(Entries taken from a collection)
━━━━━━

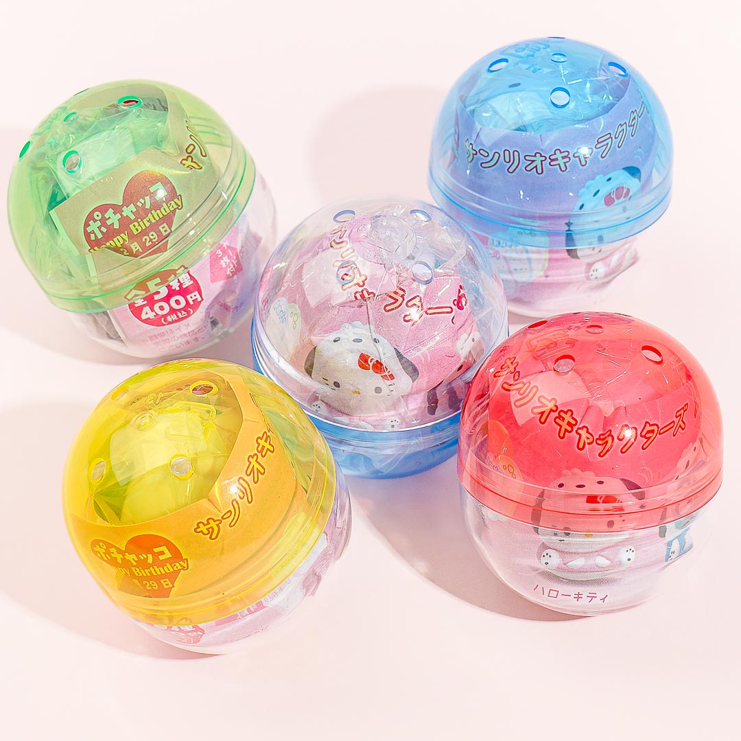 Hide secret messages inside this kawaii wobbling figure! It features a random Sanrio Characters cutie dressed as Pochacco. Simply twist the toy to reveal the secret compartment inside. The gachapon capsule comes with a random character so it will always be a fun surprise when you open it!
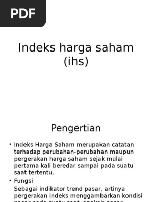 No information is available for this page.Learn why 25 Jan 2021 — Masih Dihantui Virus Corona, IHSG Merah. (CNBC Indonesia/Muhammad Sabki). Jakarta, CNBC Indonesia - Bursa Efek Indonesia resmi menerapkan ... 1. Indeks Harga Saham Gabungan (IHSG), yaitu indeks yang dimana semua perusahaan tercatat sebagai perhitungan indeksnya. IHSG dimiliki oleh Bursa Efek Indonesia, namun Bursa Efek Indonesia tidak bertanggung jawab atas produk yang diterbitkan oleh pengguna yang menggunakan IHSG sebagai acuan (benchmark).Dan juga selain itu Bursa Efek Indonesia tidak bertanggung jawab atas bentuk apapun dalam ...
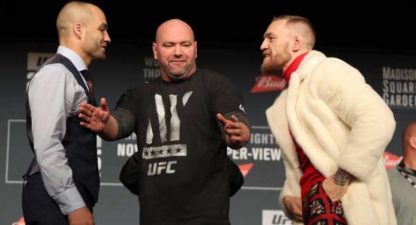 There are three title fights on the organisation’s stacked first Big Apple card but McGregor’s tilt at history, in his first UFC fight at the 155lb level, is the storyline that dominates all else.
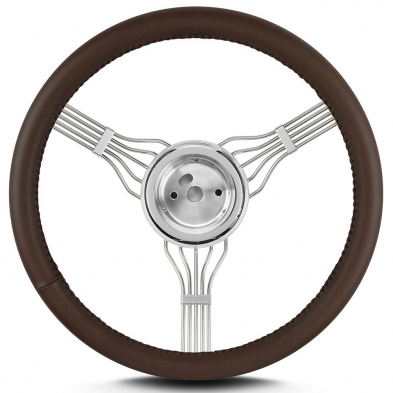 This is a beautiful combination of traditional styling and modern machining. This one piece wheel is built into a machined GM column adapter. Accommodates any Lecarra horn buttons. This 15" Banjo style steering wheel has 1-1/2" less dish to allow for more drivers clearance. Please note this steering wheels grip is covered in Brown Leather.
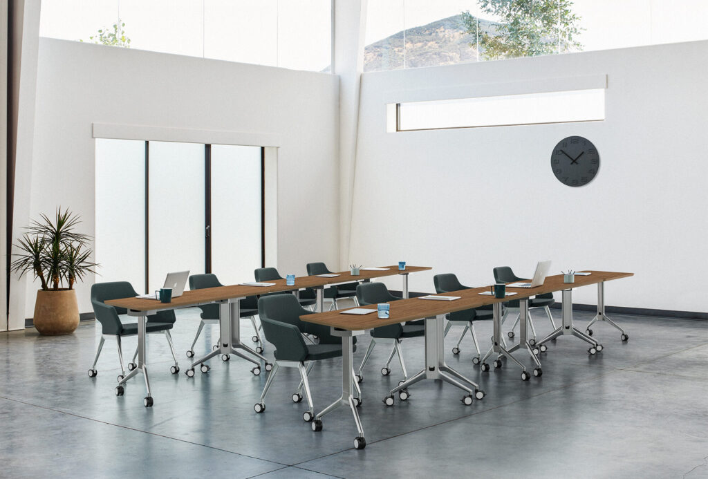 Multipurpose tables flip-up and nest for quick and easy transitions from room to room, or from one set-up to another. With its mix of table shapes, sizes, heights, edge details, integrated wire management and more, the sky’s the limit for this ultimate meeting resource. Complementary pieces include presentation tools that also double as dividers for added privacy or delineating space, while fixed base tables serve a bevy of more traditional meeting requirements. All in all, Flirt provides the opportunity to create engaging environments, strengthen interactions and become the creative destination coveted by all.
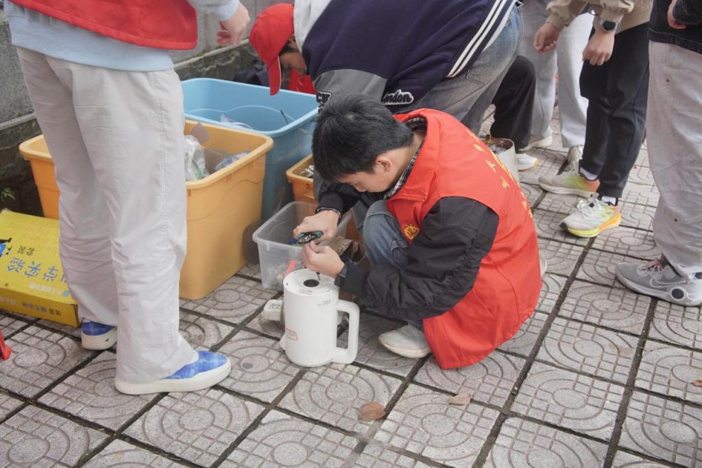 与此同时,义务维修服务活动也如火如荼地进行,志愿者们运用所学知识,耐心地为居民检修电风扇、电水壶等小型家电,让一件件旧物“重获新生”,从源头减少了电子垃圾的产生,赢得了居民们的连连称赞。
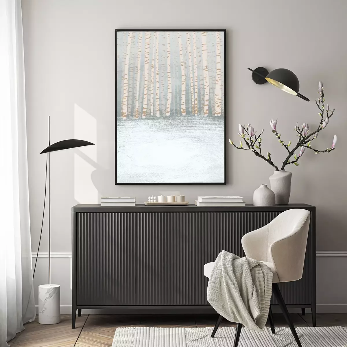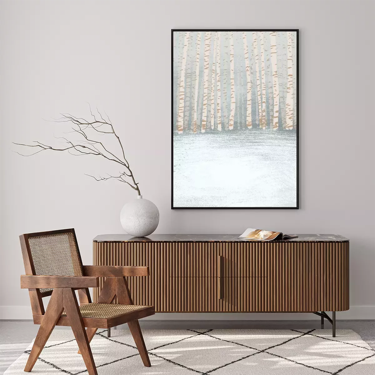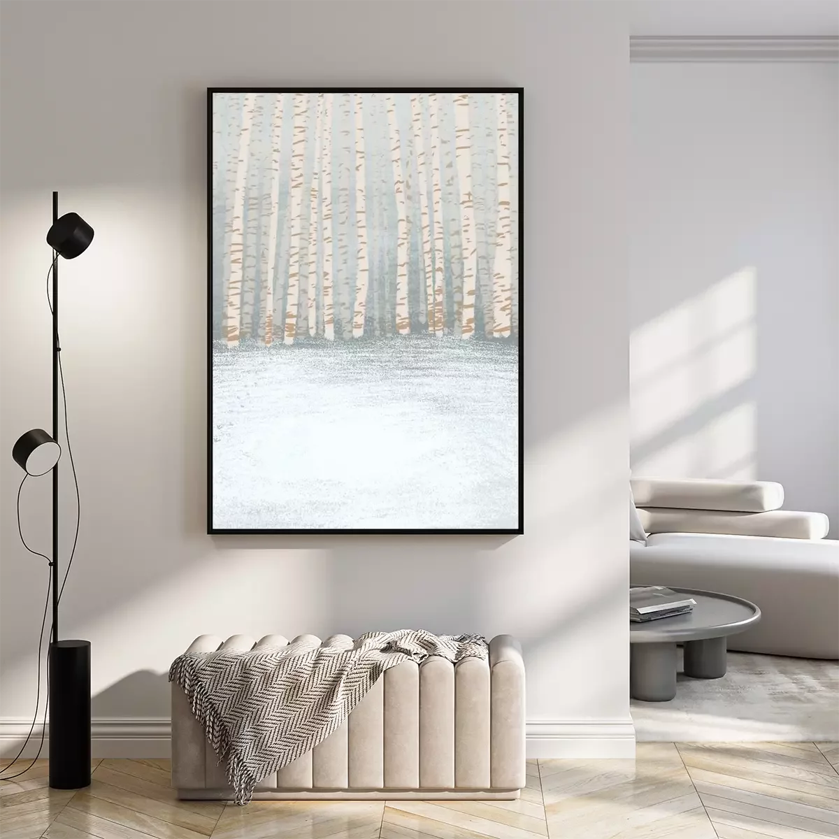 Poster  Pastel, couleur, Illustration, hiver, bouleau, forêt, fond, texture
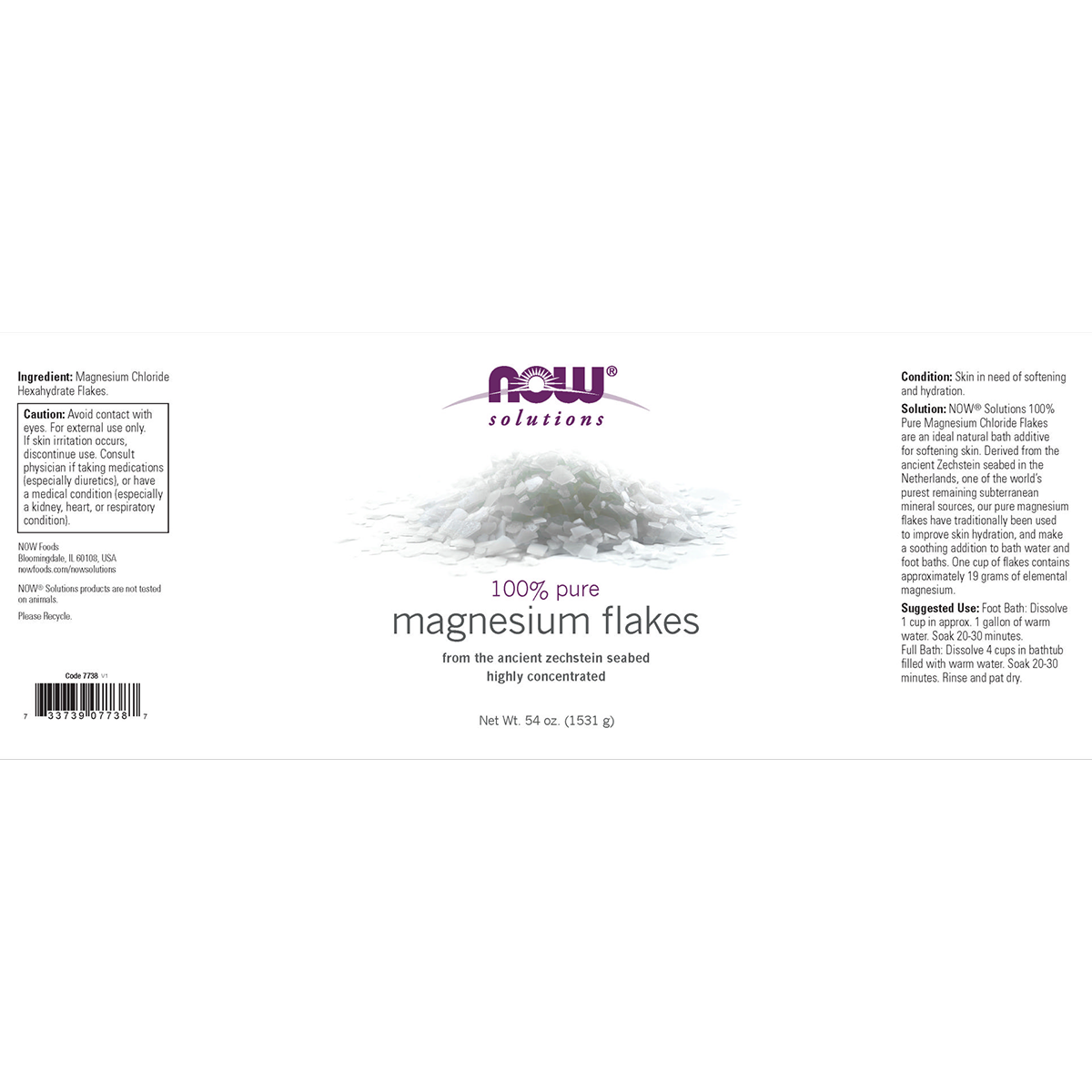 Solution: NOW Solutions 100% Pure Magnesium Chloride Flakes are an ideal natural bath additive for softening skin. Derived from the ancient Zechstein seabed in the Netherlands, one of the world’s purest remaining subterranean mineral sources, our pure magnesium flakes have traditionally been used to improve skin hydration, and make a soothing addition to bath water and foot baths. One cup of flakes contains approximately 19 grams of elemental magnesium.
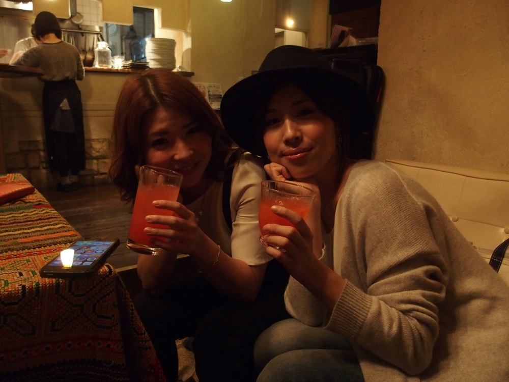 新年会ライブらしく、この日ならではの工夫があちらこちらに見えました。まず、お客さんには軽い料理が出されるのですが、愛さんの故郷である福岡から、がめ煮(筑前煮)が提供されました。材料をお店に渡して、ここで作って貰ったのだそうです。また、彬子さんからの提供物として、オリジナルカクテル(右上写真参照)の販売もありました。オリジナル曲の名に因んだ、“愛を愛を愛を”という名前が付けられていましたが、いつもと違って?味を気にしながら作ったそうです(笑)。注文する方も多かったように思いました。
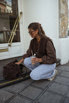- Our models are also wearing the Chocolate Grain Blouse, the Pink Patterned Natacha Shirt, the Red Basha Dress, and the Grey Seba Jeans
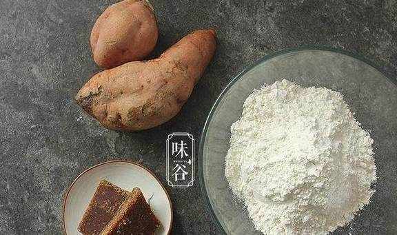 【材料】:红薯450克、面粉150克、糯米粉50克、红片糖80克

━━━━━━

• _Task item_:
Taking each record in turn, retype it exactly and drop any picture.

• _Response below_:
 Hide secret messages inside this kawaii wobbling figure! It features a random Sanrio Characters cutie dressed as Pochacco. Simply twist the toy to reveal the secret compartment inside. The gachapon capsule comes with a random character so it will always be a fun surprise when you open it!
 No information is available for this page.Learn why 25 Jan 2021 — Masih Dihantui Virus Corona, IHSG Merah. (CNBC Indonesia/Muhammad Sabki). Jakarta, CNBC Indonesia - Bursa Efek Indonesia resmi menerapkan ... 1. Indeks Harga Saham Gabungan (IHSG), yaitu indeks yang dimana semua perusahaan tercatat sebagai perhitungan indeksnya. IHSG dimiliki oleh Bursa Efek Indonesia, namun Bursa Efek Indonesia tidak bertanggung jawab atas produk yang diterbitkan oleh pengguna yang menggunakan IHSG sebagai acuan (benchmark).Dan juga selain itu Bursa Efek Indonesia tidak bertanggung jawab atas bentuk apapun dalam ...
 There are three title fights on the organisation’s stacked first Big Apple card but McGregor’s tilt at history, in his first UFC fight at the 155lb level, is the storyline that dominates all else.
 This is a beautiful combination of traditional styling and modern machining. This one piece wheel is built into a machined GM column adapter. Accommodates any Lecarra horn buttons. This 15" Banjo style steering wheel has 1-1/2" less dish to allow for more drivers clearance. Please note this steering wheels grip is covered in Brown Leather.
 Multipurpose tables flip-up and nest for quick and easy transitions from room to room, or from one set-up to another. With its mix of table shapes, sizes, heights, edge details, integrated wire management and more, the sky’s the limit for this ultimate meeting resource. Complementary pieces include presentation tools that also double as dividers for added privacy or delineating space, while fixed base tables serve a bevy of more traditional meeting requirements. All in all, Flirt provides the opportunity to create engaging environments, strengthen interactions and become the creative destination coveted by all.
 与此同时,义务维修服务活动也如火如荼地进行,志愿者们运用所学知识,耐心地为居民检修电风扇、电水壶等小型家电,让一件件旧物“重获新生”,从源头减少了电子垃圾的产生,赢得了居民们的连连称赞。
 Poster  Pastel, couleur, Illustration, hiver, bouleau, forêt, fond, texture
 Solution: NOW Solutions 100% Pure Magnesium Chloride Flakes are an ideal natural bath additive for softening skin. Derived from the ancient Zechstein seabed in the Netherlands, one of the world’s purest remaining subterranean mineral sources, our pure magnesium flakes have traditionally been used to improve skin hydration, and make a soothing addition to bath water and foot baths. One cup of flakes contains approximately 19 grams of elemental magnesium.
 新年会ライブらしく、この日ならではの工夫があちらこちらに見えました。まず、お客さんには軽い料理が出されるのですが、愛さんの故郷である福岡から、がめ煮(筑前煮)が提供されました。材料をお店に渡して、ここで作って貰ったのだそうです。また、彬子さんからの提供物として、オリジナルカクテル(右上写真参照)の販売もありました。オリジナル曲の名に因んだ、“愛を愛を愛を”という名前が付けられていましたが、いつもと違って?味を気にしながら作ったそうです(笑)。注文する方も多かったように思いました。
- Our models are also wearing the Chocolate Grain Blouse, the Pink Patterned Natacha Shirt, the Red Basha Dress, and the Grey Seba Jeans
 【材料】:红薯450克、面粉150克、糯米粉50克、红片糖80克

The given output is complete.